Sgt. Pepper's Lonely Hearts Club Band
In 1988, NME got in on the ground floor of the burgeoning turn-of-the-‘90s fad for tribute compilations when it released Sgt. Pepper Knew My Father, a song-for-song recreation of the Beatles’ Sgt. Pepper’s Lonely Hearts Club Band by various artists with popular or cult followings in the UK, including several tracks that have held up quite well by the likes of the Fall, Courtney Pine, and Sonic Youth.
At the time, the original album had recently been the subject of much 20th-anniversary fawning by midlife-ing Baby Boomers, but in hipper circles its rep was in the shitter, as undergroundists vastly preferred a heavier psychedelia stripped of that acutely Barrett/McCartney/Davies’ penchant for Edwardian whimsy.
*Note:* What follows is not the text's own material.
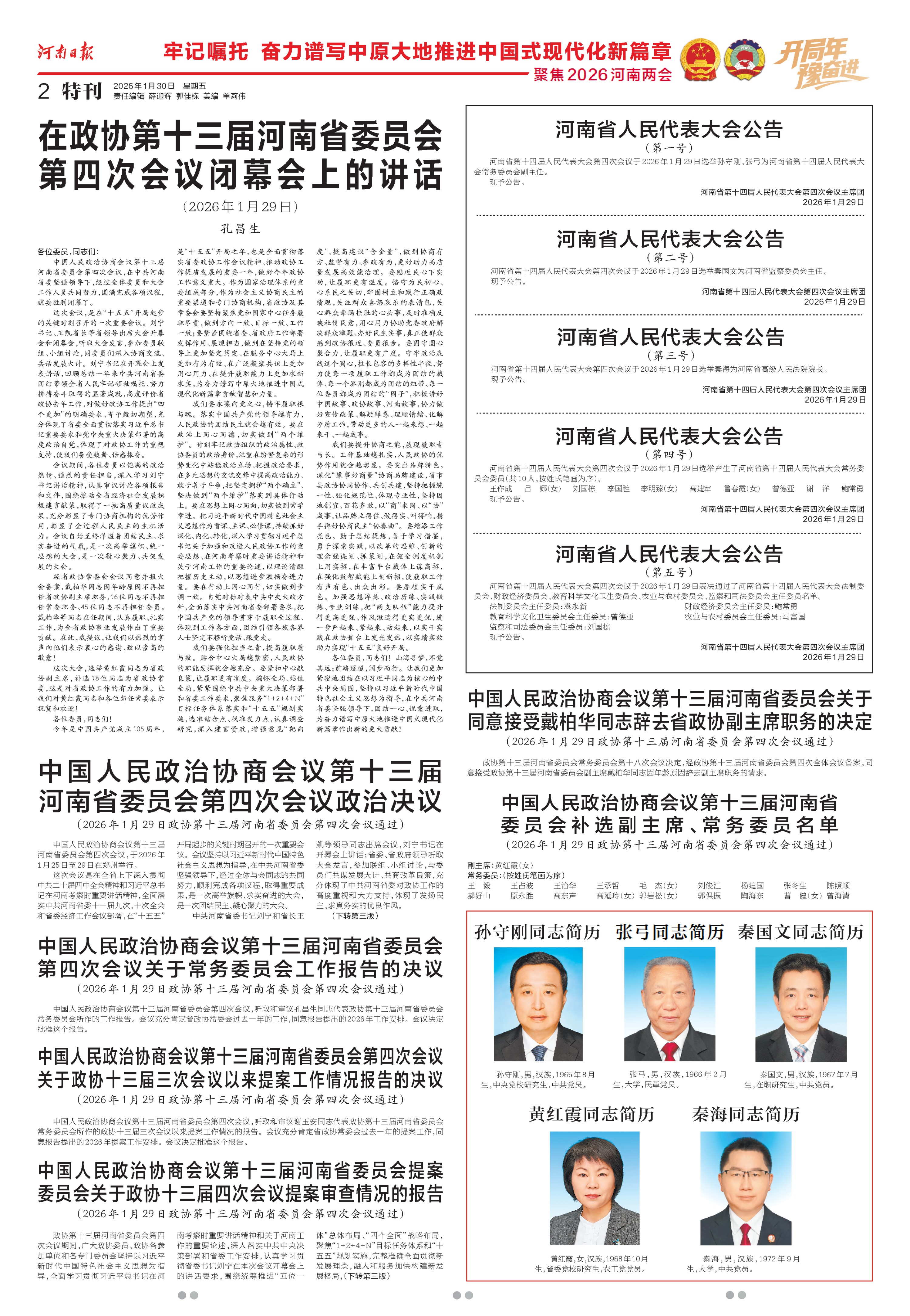 中国人民政治协商会议第十三届河南省委员会第四次会议政治决议

In just a few years, the rise of Brtipop would slow much alt-handwaving of the Beatles’ legacy, but in 1988, the advance guard would have been happy to bury it. Accordingly, much of Sgt. Pepper Knew My Father drips with a viscous irony. The Scottish soul-pop band Hue and Cry attempted a pretty drastic transformation of “Fixing a Hole,” but it falls short of its ambitions. The Three Wize Men’s version of the title song is similarly transformative, and it certainly has moments, but it’s acutely ‘80s UK hip-hop, of which I’m really not a fan. YMMV, of course. Wet Wet Wet’s version of “With A Little Help From My Friends” is icky and fey, and only merits mentioning because that band was a big enough deal at the time that they alone probably accounted for at least half of the copies of the record sold. The Triffids’ version of “Good Morning Good Morning” is not only the worst thing on the album, it might be the worst thing period.
The comp shines more brightly when its artists aren’t afraid to get weird without trying to erase the source material. The Wedding Present’s contribution, an amped-up version of “Getting Better” with Talulah Gosh’s Amelia Fletcher, is exactly as you’d expect that band to perform the Beatles—poppy and bouncy, yet aggressive and clamorous as all hell. Sonic Youth, in the thick of their dense, twisty, and epic Daydream Nation era, are a beautiful match for George Harrison’s raga-rock freakout “Within You/Without You,” and in fact that cover eventually re-emerged on one of Daydream Nation‘s later reissues. The very very eccentric Frank Sidebottom—the spherically-headed masked singer who inspired the 2014 film Frank—does an absolutely wonderful remake of the very very eccentric John Lennon music hall paean “Being for the Benefit of Mr. Kite.” The Courtney Pine Quartet’s instrumental take on “When I’m Sixty Four” is a tremendously fun piece of lounge jazz. But the original album’s great set-piece—“A Day in the Life”—is also the tribute’s huge closer, and that song is handled with incredible reverence by the Fall. You’d figure of all bands the Fall would have been likely to go in for the piss-take, but no. It’s quite a stunner.